Problem requirements:
Your answer must be an exact copy of the data, without any pictures.

◆ ◆ ◆ ◆ ◆

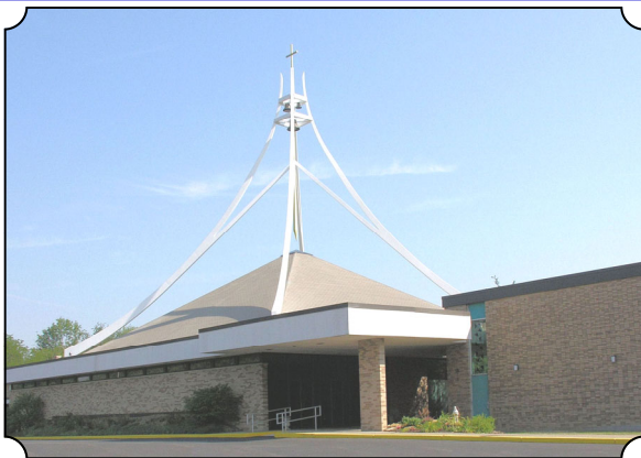
North American Martyrs Church 2526 Haymaker Rd • Monroeville, PA • 15146 412-373-0330

North American Martyrs is a vibrant parish, built on multi-generational and cultural traditions blended through the grace of the Holy Spirit. Reflecting the unconditional mercy of Jesus Christ, we as a faith community sharing God's love with all people, enthusiastically reach out to embrace everyone, especially the poor, broken, suffering and lost. We draw our strength through prayer, listening to and acting upon God's Word and celebrating the Eucharist, to foster a closer relationship with Christ as humble and faithful members of His Universal Church.
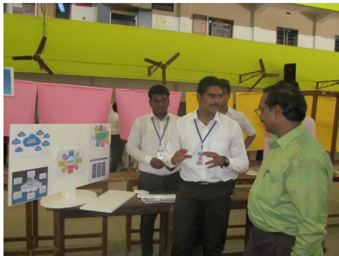
Poster Presentation viewed by Chief Guest for shift-I

There were 5 teams from 1 st UG, 8 teams from 2 nd UG, 7 teams from 3 rd UG, 1 team from 1 st M.Sc IT, 5 teams from 1 st M.Sc CS and 1 team from 2 nd M.Sc CS. 60 UG students and 21 PG students from Shift I participated in the poster presentation.
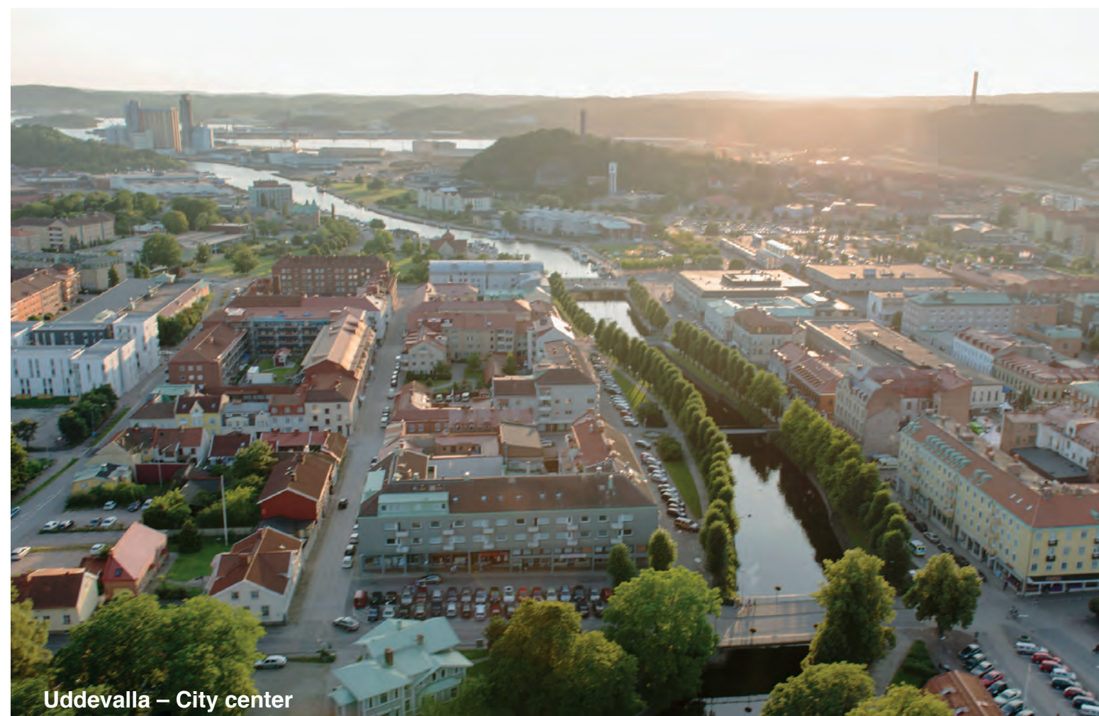
Uddevalla – City center

◆ ◆ ◆ ◆ ◆

Reply:
North American Martyrs Church 2526 Haymaker Rd • Monroeville, PA • 15146 412-373-0330

North American Martyrs is a vibrant parish, built on multi-generational and cultural traditions blended through the grace of the Holy Spirit. Reflecting the unconditional mercy of Jesus Christ, we as a faith community sharing God's love with all people, enthusiastically reach out to embrace everyone, especially the poor, broken, suffering and lost. We draw our strength through prayer, listening to and acting upon God's Word and celebrating the Eucharist, to foster a closer relationship with Christ as humble and faithful members of His Universal Church.
Poster Presentation viewed by Chief Guest for shift-I

There were 5 teams from 1 st UG, 8 teams from 2 nd UG, 7 teams from 3 rd UG, 1 team from 1 st M.Sc IT, 5 teams from 1 st M.Sc CS and 1 team from 2 nd M.Sc CS. 60 UG students and 21 PG students from Shift I participated in the poster presentation.
Uddevalla – City center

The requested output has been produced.